Hoch hinaus – aber ohne Ringbandverletzung!

Der Alptraum eines jeden Kletterers: Eine verletzungsbedingte Kletterpause! Das Ringband ist der Klassiker unter den Verletzungen. Im Jahr zählt Sportarzt Günther Straub, der selbst auch leidenschaftlicher Sportkletterer ist, etwa 30 bis 40 solcher Ringbandverletzungen. Wir haben einen interessanten Artikel gelesen und für euch zusammengefasst:

Gerade in schwierigeren Routen liegt die Gefahr: Je kleiner die Griffe werden, desto mehr muss der Kletterer die Finger aufstellen. Oftmals hängt das gesamte Körpergewicht an den Fingern. Diese kleinen Gelenke müssen extremen Belastungen standhalten, gerade wenn es zu einem unvorhergesehenen Sturz kommt. Aber es muss nicht immer gleich ein Sturz sein: ein plötzliches Wegrutschen der Füße sorgt für die gleiche Maximalbelastung (bis zu 300 Kilo!). Es geht schneller als man denkt: Ein lautes Schnalzen, das sogar der Sichernde einige Meter unterhalb meist auch hören kann, verkündet Unheilvolles: Das Ringband ist gerissen.

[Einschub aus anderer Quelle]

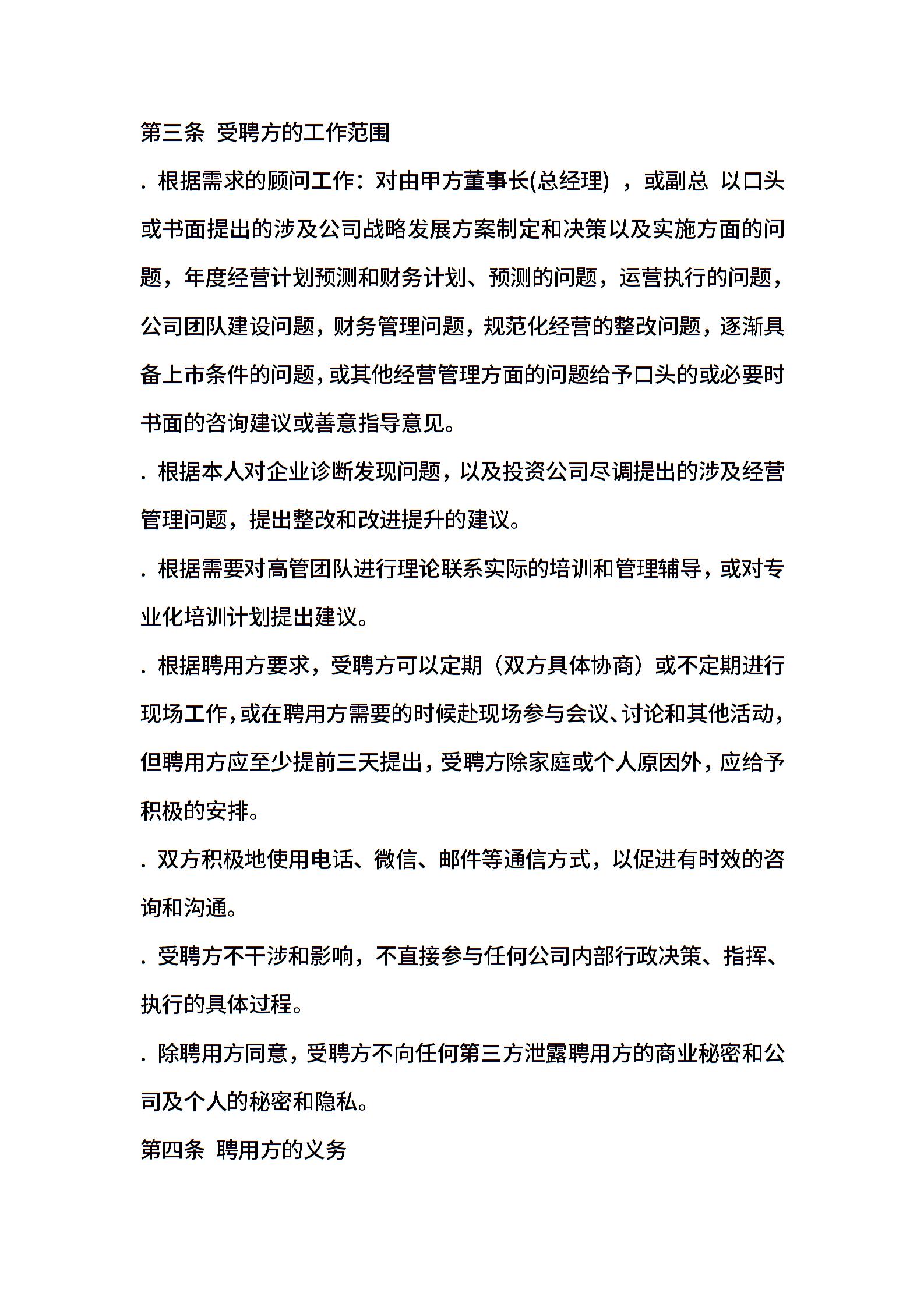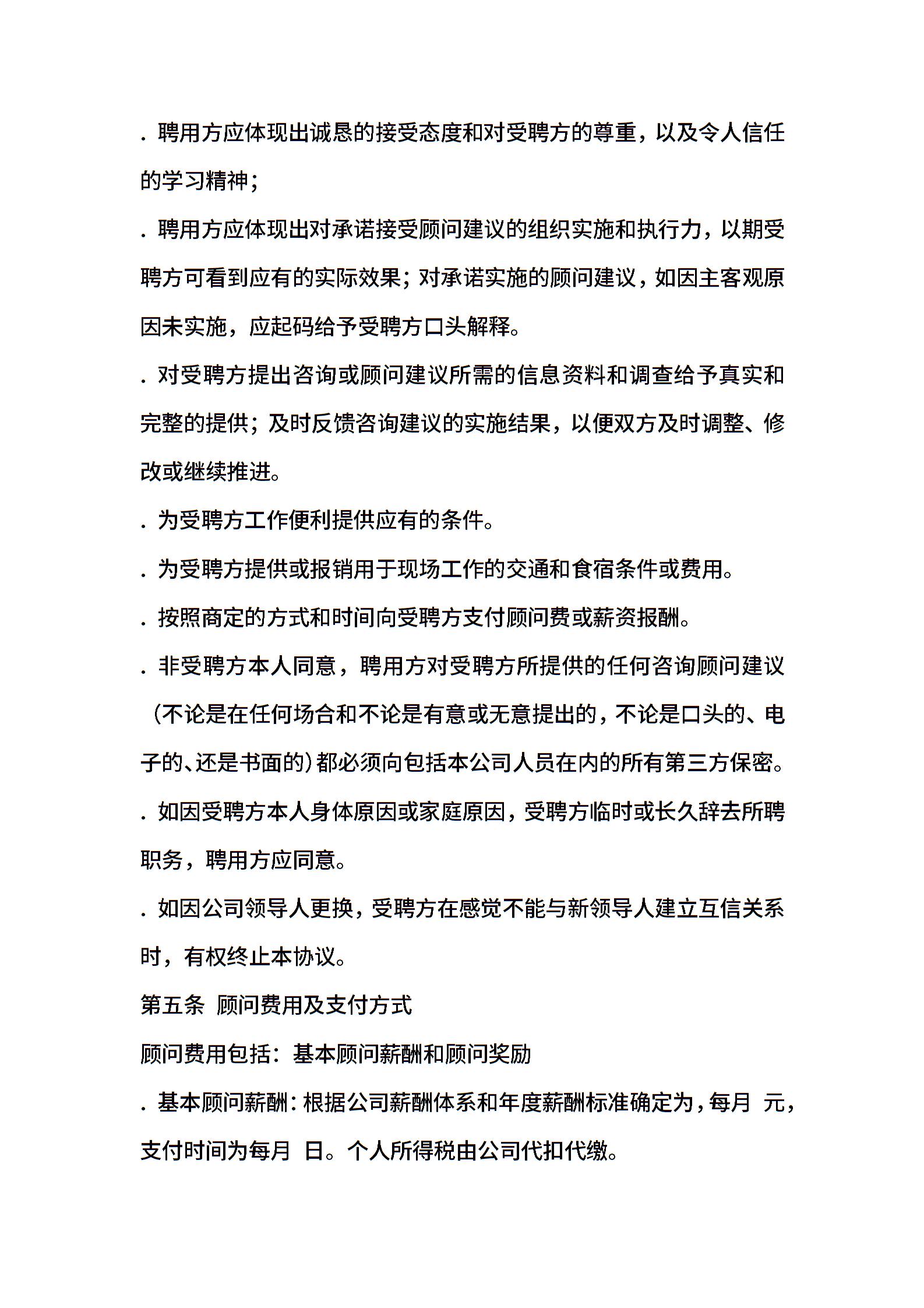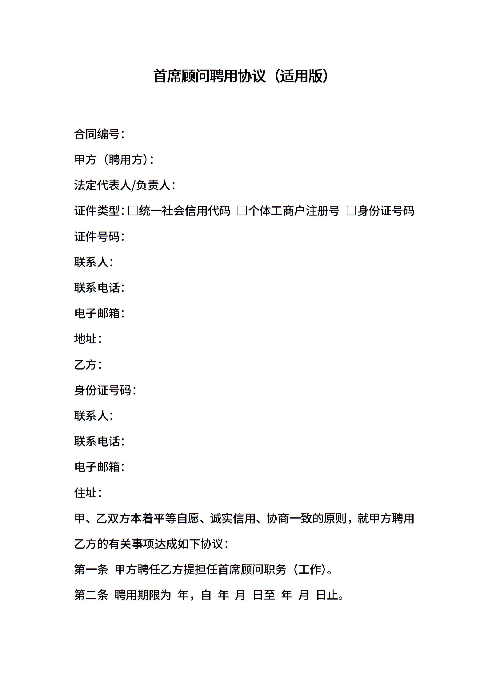 首席顾问聘用协议(适用版)

Verglichen mit dem lauten Geräusch des Risses sind die Schmerzen eher gering. Dafür langandauernd. Bis zu 8 Wochen Pause muss man dann schon mal einplanen. Der Unfall geht mit einem Kraftverlust und einer Bewegungseinschränkung einher. Es fühlt sich an, als ob es einem den Finger aushängen würde.

Erkennbar ist ein gerissenes Ringband mittels Ultraschall oder MR. Normalerweise beträgt der Abstand von der Sehne zum Knochen etwa zwei Millimeter. Ist das Ringband, das die Sehne am Knochen hält, gerissen, so vergrößert sich dieser Abstand auf bis zu vier Millimeter. Je nachdem, ob es sich um eine isolierte oder mehrfache Ringbandruptur handelt, wird die Therapie eingeleitet: Eine isolierte Verletzung wird konservativ behandelt, etwa durch Ruhigstellen mittels Fingerschiene. Folge- oder Gelenksschäden sind gottseidank nicht zu erwarten. Bei einem mehrfachen Ringbandriss wird eine Operation empfohlen. Bei dem Eingriff wird körpereigenes Sehnengewebe aus dem Handgelenk entnommen und damit die Verbindung des Ringbandes wiederhergestellt. Das Ringband kann nicht direkt zusammengenäht werden, weil es sonst seine Elastizität verlieren und der Finger in Folge steif bleiben würde.

Die auf den Unfall folgende zwingende Kletterpause ist aber für Profikletterer im Spitzensport unter Umständen zu lang. Oftmals wird hier ebenfalls eine Operation durchgeführt, auch wenn es sich "nur" um eine isolierte Ruptur handelt.

Meist passieren diese Unfälle in der Kletterhalle, sehr selten in alpinen Routen. Beim Training in der Halle wird die Belastung auf die Finger viel exzessiver durchgeführt und sehr viel mehr am Limit geklettert. Eine entscheidende Rolle spielt auch die Übermüdung. Außerdem sind es meist ganz spezielle Griffe, die eine Gefahr darstellen. Einfingerlöcher oder scharfkantige kleine Leisten sind hier ganz oben auf der Liste. Es liegt am Kletterer selbst, hier die potentielle Gefahr zu erkennen!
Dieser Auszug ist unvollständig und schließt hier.